仕事などの収入で生活できる間は公的年金の受給時期を繰り下げる

仕事などの収入で生活できる間はなるべく公的年金を受け取らず、「繰下げ受給」を行いましょう。

公的年金(老齢年金)は原則として65歳から受け取れますが、受給開始時期を1ヶ月繰り下げるごとに、年金額が0.7%上乗せされます。受給開始後は上乗せされた年金額が生涯続くため、老後の収入の安定につながるでしょう。

老齢年金は、生涯受け取れることが最大のメリットであり、その役割は老後の生活を支える「保険」です。早く亡くなってしまうと受け取れる年金の総額は少なくなりますが、長生きしてお金が足りなくなるリスクをカバーする保険だと割り切って考える必要があります。

一時的にお金が不足する場合には、貯蓄や確定給付企業型年金、個人年金保険、確定拠出年金などをつなぎ資金として活用しましょう。

運用資産は運用を続けながら取り崩す

退職後、年金だけの生活になって生活費が不足する場合は、証券口座などで保有している運用資産を取り崩して補填します。

運用資産は退職後すぐに現金化せず、運用を続けながら必要な分だけ取り崩すのがポイントです。運用を続けることで、運用資産を使い切るまでの期間(資金寿命)を伸ばす効果が期待できます。

例えば、1,000万円を毎月5万円ずつ取り崩す場合、全く運用しなかった場合(年利0%)には約16年8ヶ月で資金を使い切ります。
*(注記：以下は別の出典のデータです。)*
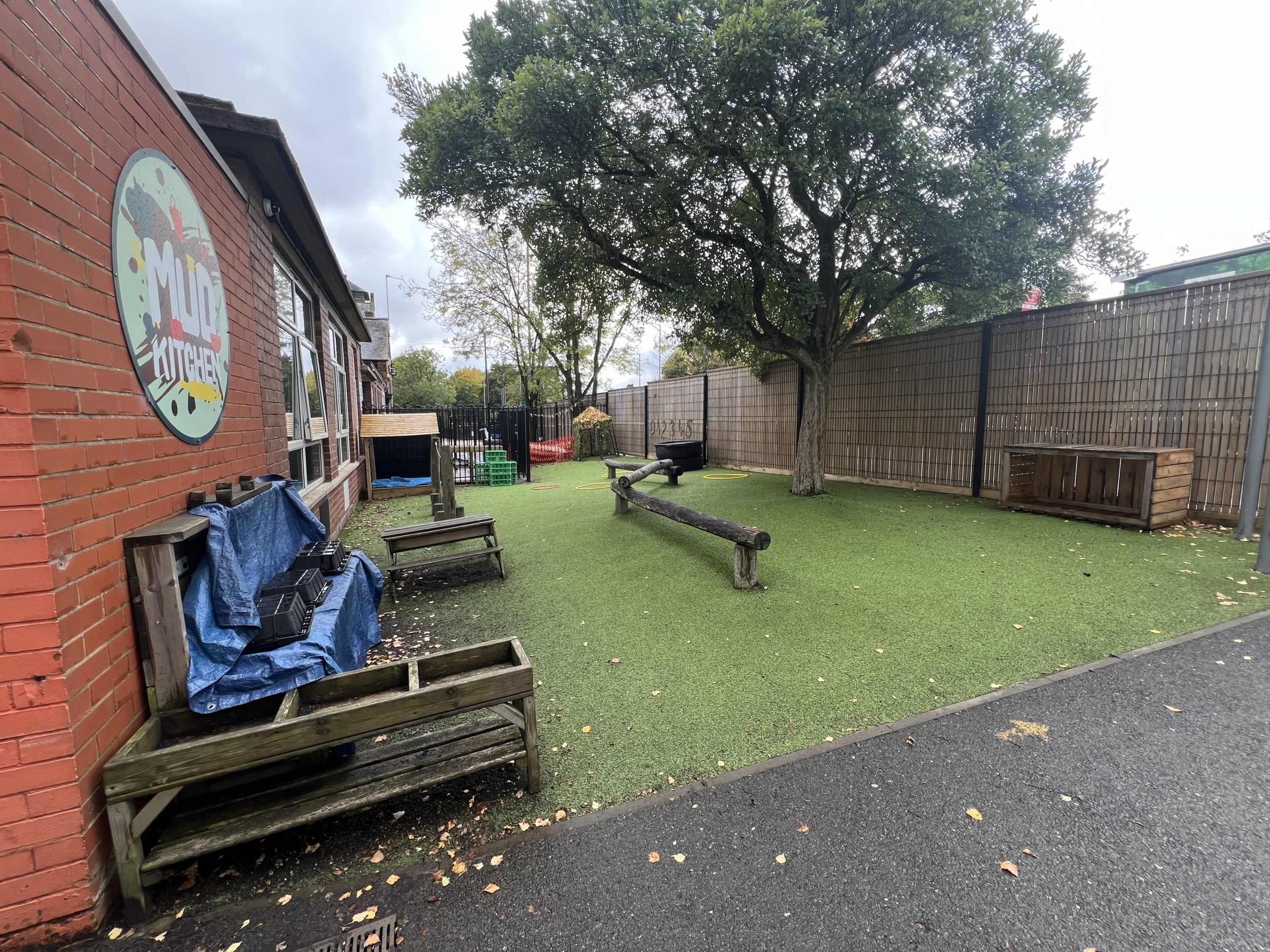 The result is a pair of completely transformed outdoor environments that now function as extensions of the classroom. In the Nursery, the new surfaces and fixed structures give the space lasting value and practical function. The tree has become a natural centrepiece, offering shelter and imaginative play opportunities rather than being a hazard. The area now supports the kind of language-rich, movement-driven play that children need at this stage of development.

しかし、年利3%で運用しながら取り崩せば、資金を使い切るまでの期間は22年11ヶ月まで延ばすことが可能です(年利1%では18年3ヶ月、年利5%では34年3ヶ月)。

【毎月5万円取り崩した場合の資産寿命】

年利運用資産1,000万円運用資産500万円
資産寿命
016年8ヶ月8年4ヶ月
118年3ヶ月8年9ヶ月
322年11ヶ月9年7ヶ月
534年3ヶ月10年9ヶ月

※利回りは一定と仮定し、税金・手数料などは考慮していません

野村アセットマネジメント「取り崩しシミュレーション」を用いて試算

一定額ずつ取り崩す「定額取り崩し」は、運用資産額に対して取り崩す金額が大きくなるほど資産の減少ペースが早く、運用による資産寿命の「延命」効果は低くなります。資産寿命を延ばすことを考える場合、一般的には、「資産の◯%」のように一定の割合で取り崩していく「定率取り崩し」のほうが有利です。

資産のうち一定額は預貯金など安全資産で保有する

資産寿命を伸ばすには運用も大切ですが、資産のうち一定額は預貯金など元本保証のある安全資産で保有しましょう。老後に資産をすべて運用に回すのはリスクが高いからです。
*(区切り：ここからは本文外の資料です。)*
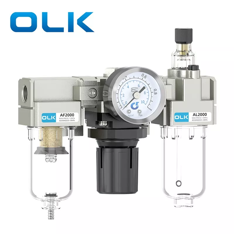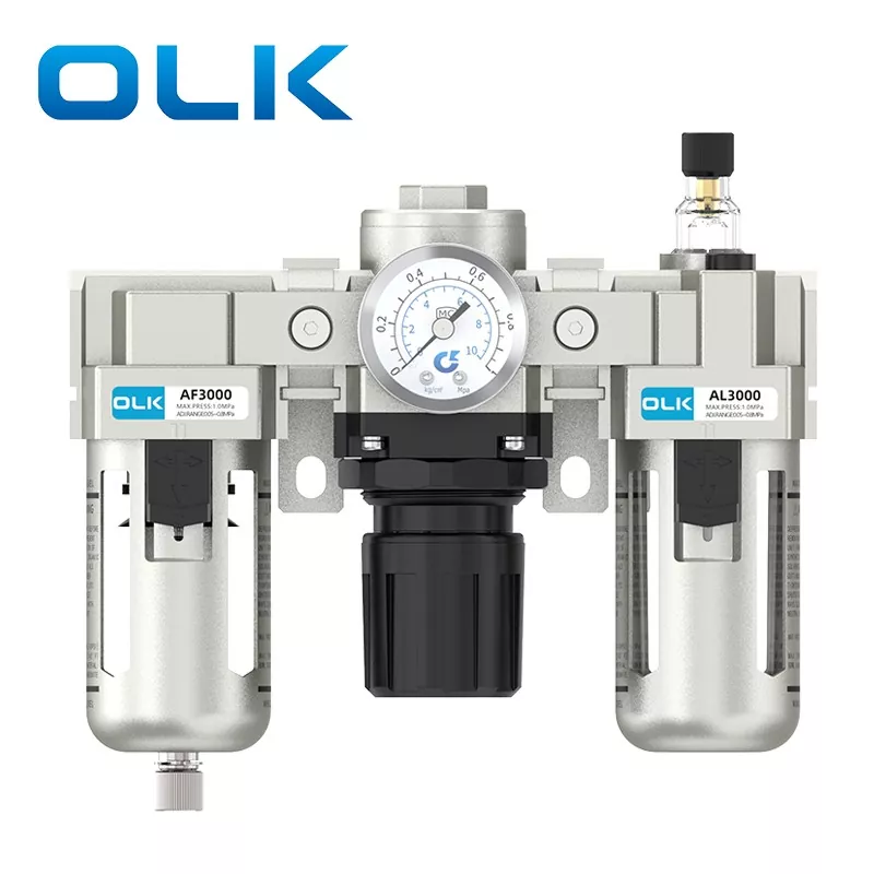 The SMC Type AC FRL Unit (Filter-Regulator-Lubricator) is a pneumatic fundamental component that integrates air source filtration, pressure reduction and regulation, and lubrication treatment. It provides clean, stable, and lubricated compressed air for pneumatic systems, thereby extending the lifespan of pneumatic components and enhancing system stability.The OLK AC Series FRL Unit acts as the essential "guardian" of modern pneumatic systems.
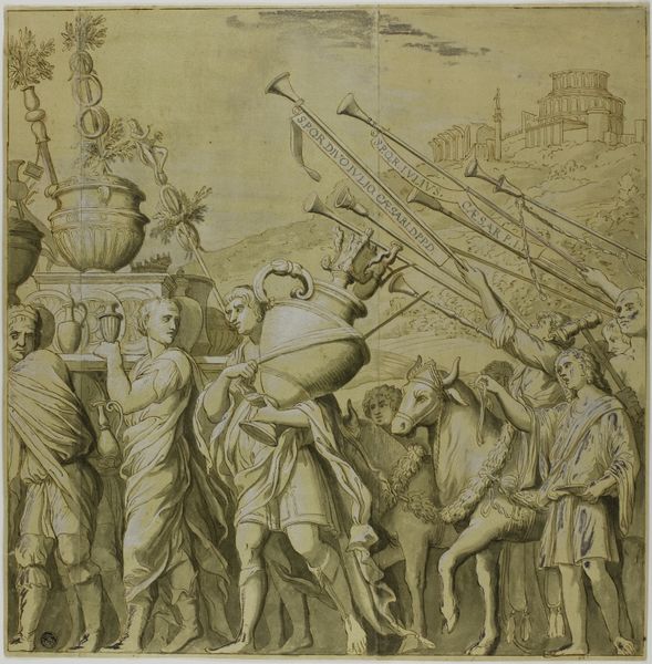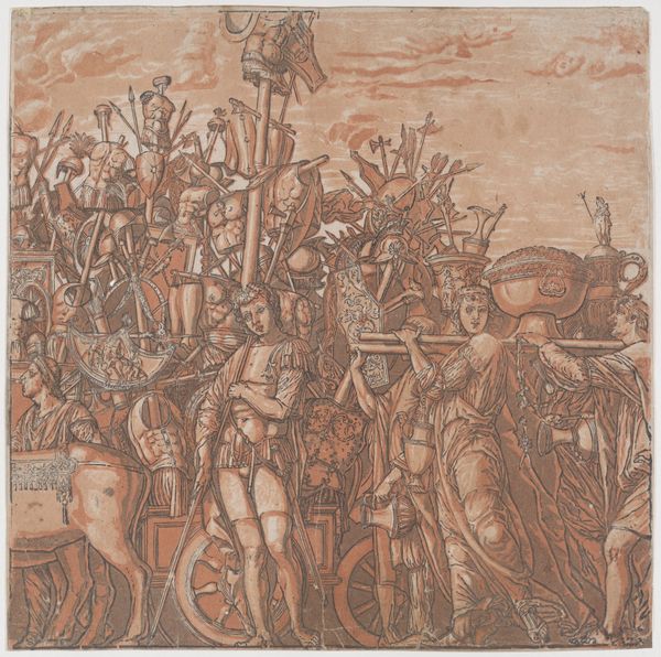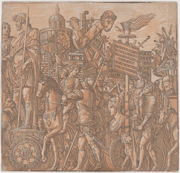 Andrea Andreani created this woodcut titled "Sheet 1: Roman soldiers carrying banners depicting the triumphant victories of Julius Caesar" in the 16th or 17th century. Executed in shades of brown, the print presents a processional scene teeming with figures and intricate details. Andreani uses a layered composition to convey the magnitude of Caesar's triumph. The foreground is dominated by Roman soldiers, their forms rendered with considerable attention to musculature and armor. Above them, banners unfurl, displaying scenes from Caesar's victories in a frieze-like arrangement. Through line and form, Andreani not only recounts historical events but also reflects on the concept of power and the spectacle of victory. The artist constructs a visual hierarchy where the achievements of a leader are elevated through artistic representation. This work prompts us to consider how art functions as a tool for constructing and reinforcing historical narratives. It also emphasizes that the artwork exists as a complex interplay between artistic skill, historical subject matter, and the cultural values of its time.

安全資産で保有しておきたい金額としては、今後3〜5年間の取り崩し予定額に、急な病気などに備えて100万円程度を加えた金額が目安です。日常の生活費以外で5年以内に必要なお金があれば、それも預貯金などで確保しておきましょう。ただし、これはあくまで目安であり、保有資産額やどの程度リスクを許容できるかによっても変わってきます。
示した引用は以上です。